[Opening Exercise materials section]
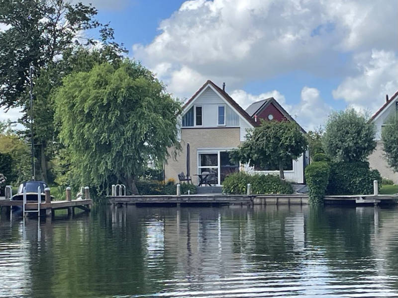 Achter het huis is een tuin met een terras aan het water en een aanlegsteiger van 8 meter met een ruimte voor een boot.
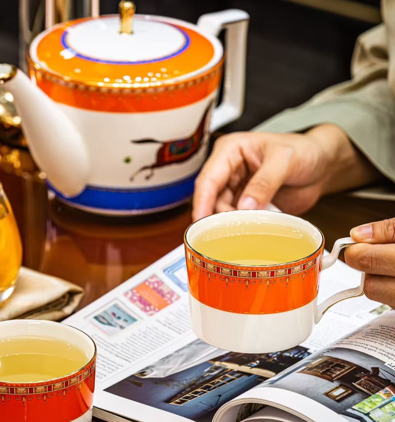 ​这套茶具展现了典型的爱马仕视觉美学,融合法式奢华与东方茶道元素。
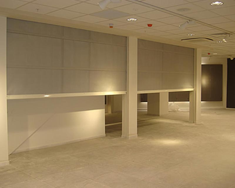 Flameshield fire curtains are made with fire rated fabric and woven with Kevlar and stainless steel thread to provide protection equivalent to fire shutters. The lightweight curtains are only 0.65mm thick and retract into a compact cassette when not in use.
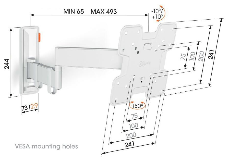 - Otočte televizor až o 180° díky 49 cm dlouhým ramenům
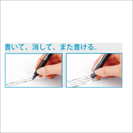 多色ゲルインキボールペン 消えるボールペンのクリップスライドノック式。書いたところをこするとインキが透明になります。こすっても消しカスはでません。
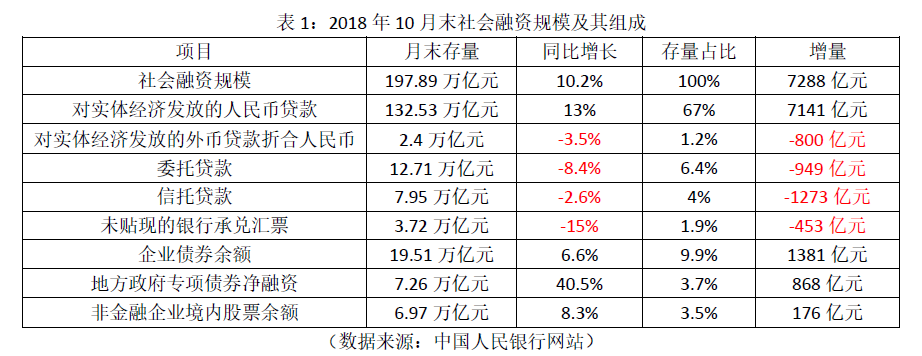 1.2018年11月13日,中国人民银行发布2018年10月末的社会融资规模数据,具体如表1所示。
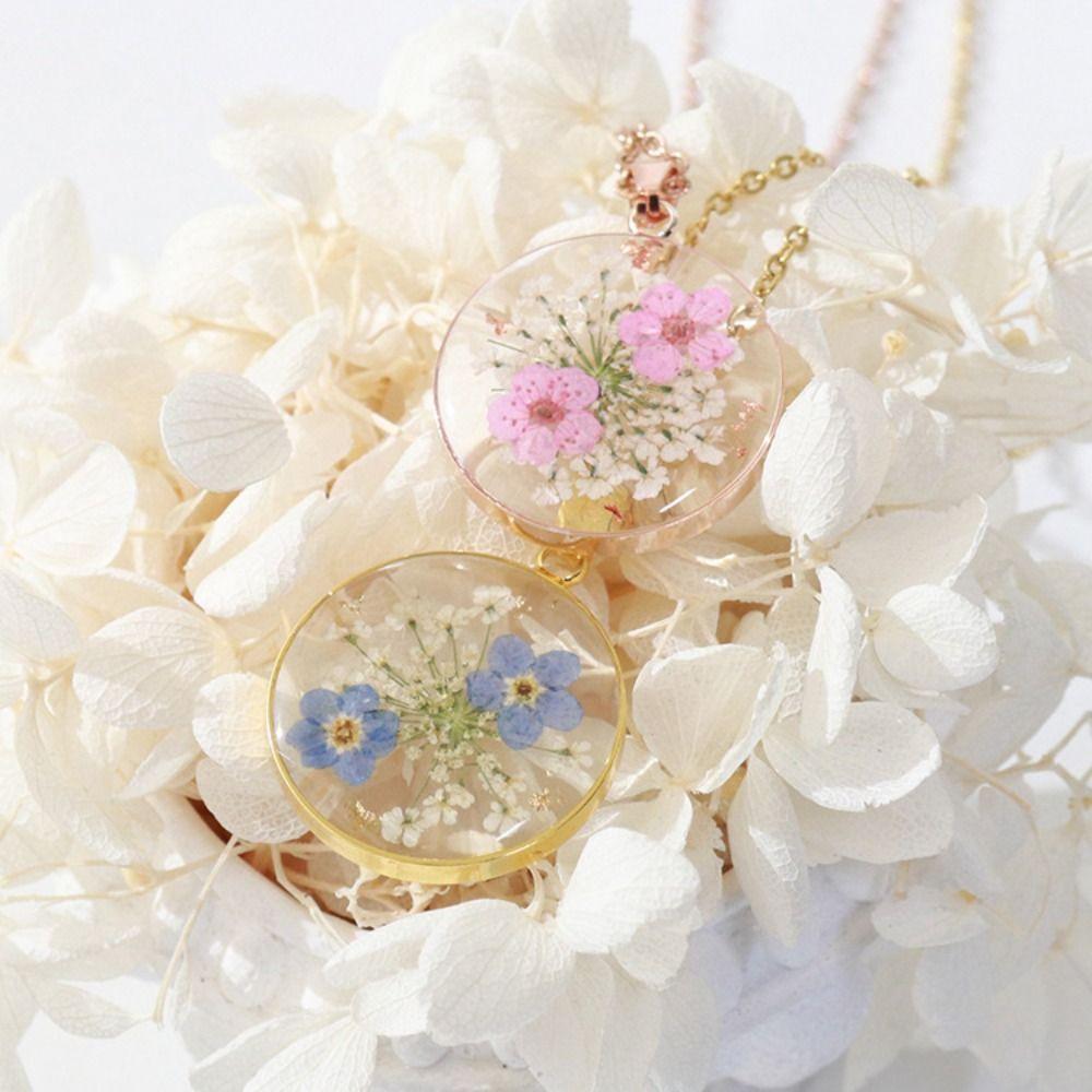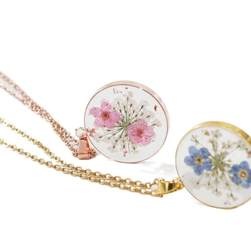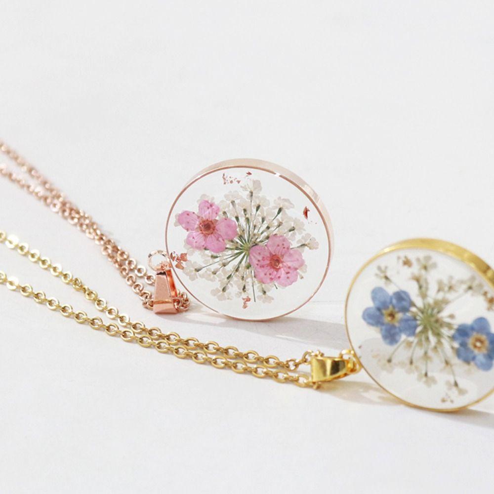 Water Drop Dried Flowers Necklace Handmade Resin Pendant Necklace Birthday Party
[Closing Exercise materials section]
[Opening Exercise materials section]
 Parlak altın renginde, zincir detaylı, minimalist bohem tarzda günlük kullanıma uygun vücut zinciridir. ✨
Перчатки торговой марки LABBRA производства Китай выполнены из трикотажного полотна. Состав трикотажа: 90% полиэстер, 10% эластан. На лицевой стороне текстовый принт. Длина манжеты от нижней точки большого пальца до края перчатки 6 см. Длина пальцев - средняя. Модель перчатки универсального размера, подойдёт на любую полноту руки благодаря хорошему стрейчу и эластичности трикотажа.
[Closing Exercise materials section]
[Opening Exercise materials section]
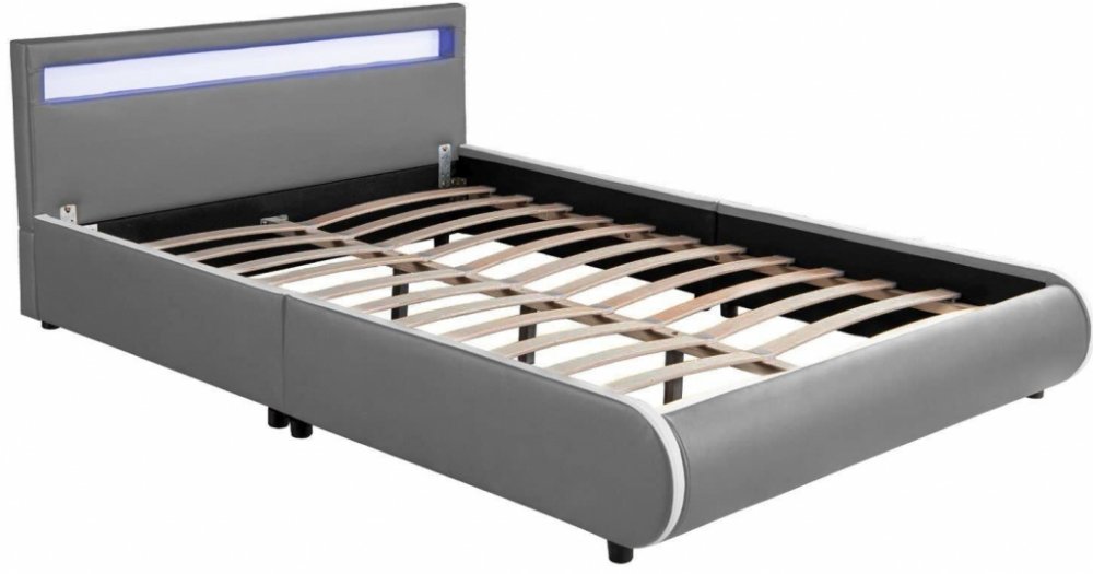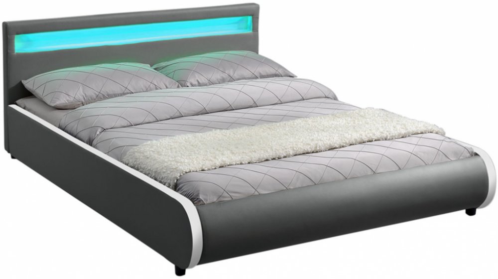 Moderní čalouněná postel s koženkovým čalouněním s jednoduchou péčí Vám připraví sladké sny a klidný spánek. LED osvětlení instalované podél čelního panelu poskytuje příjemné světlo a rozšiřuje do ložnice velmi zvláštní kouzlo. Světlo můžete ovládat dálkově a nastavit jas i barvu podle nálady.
[Closing Exercise materials section]
Work instructions –
Give the lines above again exactly, from the one containing "Achter het huis" to the one containing "1.2018年11月13日,中国人民银行", both included, but leave out the pictures.

Solution for this exercise –
 Achter het huis is een tuin met een terras aan het water en een aanlegsteiger van 8 meter met een ruimte voor een boot.
 ​这套茶具展现了典型的爱马仕视觉美学,融合法式奢华与东方茶道元素。
 Flameshield fire curtains are made with fire rated fabric and woven with Kevlar and stainless steel thread to provide protection equivalent to fire shutters. The lightweight curtains are only 0.65mm thick and retract into a compact cassette when not in use.
 - Otočte televizor až o 180° díky 49 cm dlouhým ramenům
 多色ゲルインキボールペン 消えるボールペンのクリップスライドノック式。書いたところをこするとインキが透明になります。こすっても消しカスはでません。
 1.2018年11月13日,中国人民银行发布2018年10月末的社会融资规模数据,具体如表1所示。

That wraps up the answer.